------------------------------------------------------------
revno: 13849
revision-id: squid3@treenet.co.nz-20150628100416-wgn9mbagafa1qi09
parent: squid3@treenet.co.nz-20150622035334-0n36es7k9d3i63b4
author: Paulo Matias <matias@ufscar.br>
committer: Amos Jeffries <squid3@treenet.co.nz>
branch nick: 3.5
timestamp: Sun 2015-06-28 03:04:16 -0700
message:
  TLS: Disable client-initiated renegotiation
  
  Hardening against CVE-2009-3555 mitigating a DoS attack which
  might be possible with some builds of the OpenSSL library.
------------------------------------------------------------
# Bazaar merge directive format 2 (Bazaar 0.90)
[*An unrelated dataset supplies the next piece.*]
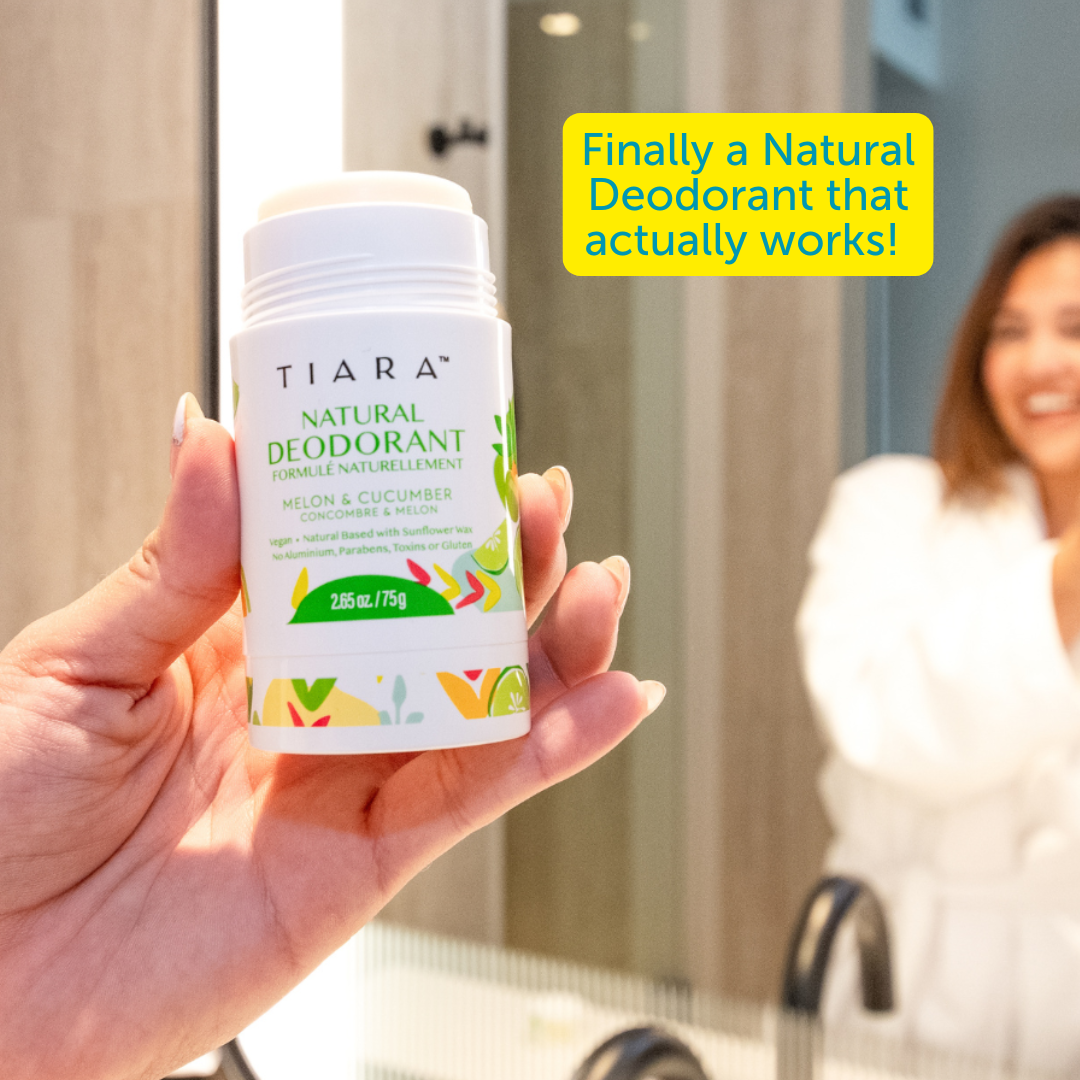 TIARA Natural deodorant is an all-natural deodorant free of aluminum, parabens, triclosan, and other toxins we can’t even pronounce. Made with natural ingredients, it's safe and gentle for daily use, perfect for all skin types
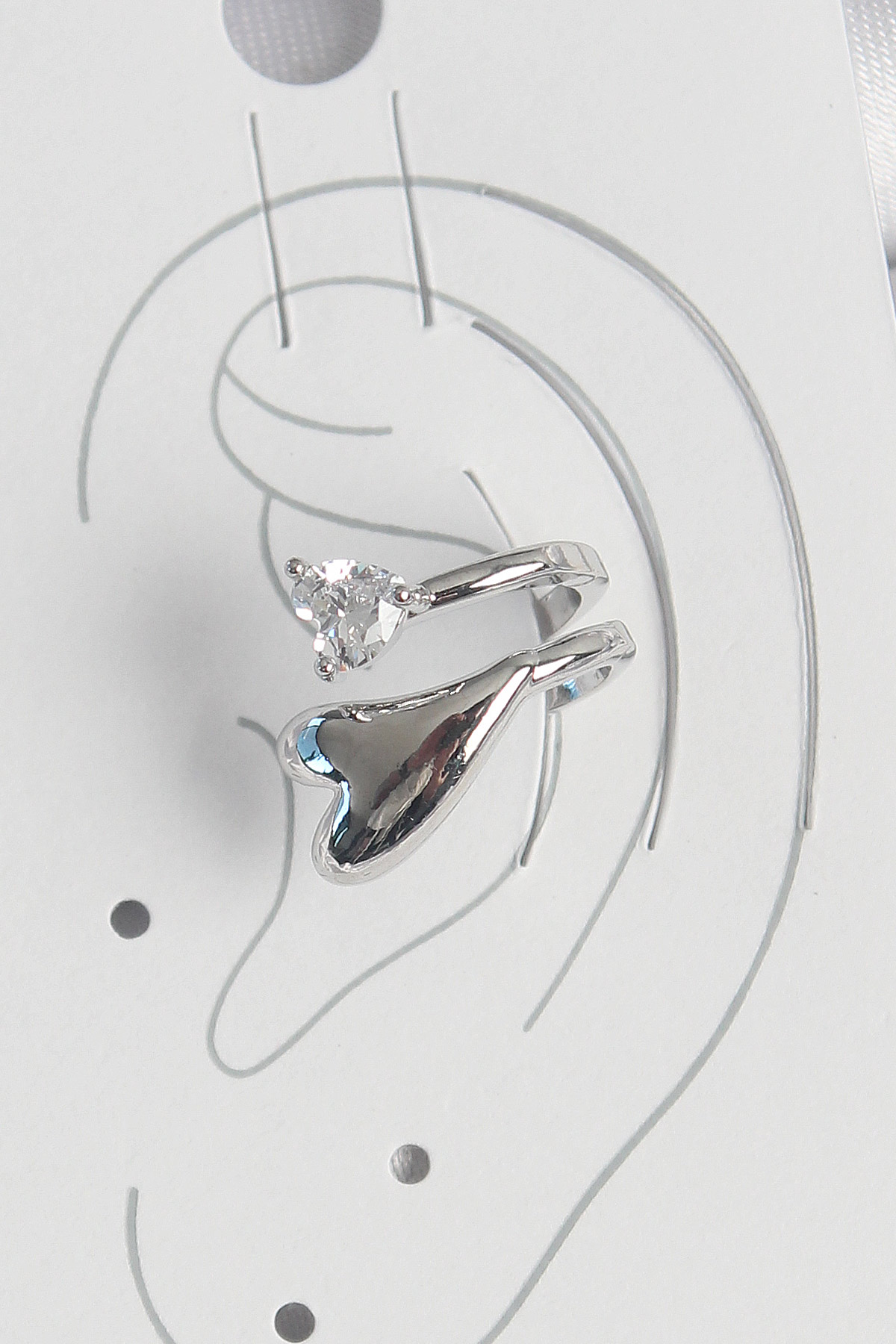 Pirinç Gümüş Renk Zirkon Taş Detaylı Kalp Model Kadın Kıkırdak Küpe - TJ-BKP10570

# revision_id: squid3@treenet.co.nz-20150628100416-wgn9mbagafa1qi09
# target_branch: http://bzr.squid-cache.org/bzr/squid3/3.5
# testament_sha1: a7df8160853ccd265e6bc78ffa68d34903953a2e
# timestamp: 2015-06-28 10:15:43 +0000
# source_branch: http://bzr.squid-cache.org/bzr/squid3/3.5
# base_revision_id: squid3@treenet.co.nz-20150622035334-\
#   0n36es7k9d3i63b4
# 
# Begin patch
=== modified file 'src/ssl/support.cc'
--- src/ssl/support.cc	2015-06-05 23:41:22 +0000
+++ src/ssl/support.cc	2015-06-28 10:04:16 +0000
@@ -838,12 +838,28 @@
     return dh;
 }
 
+#if defined(SSL3_FLAGS_NO_RENEGOTIATE_CIPHERS)
+static void
+ssl_info_cb(const SSL *ssl, int where, int ret)
+{
+    (void)ret;
+    if ((where & SSL_CB_HANDSHAKE_DONE) != 0) {
+        // disable renegotiation (CVE-2009-3555)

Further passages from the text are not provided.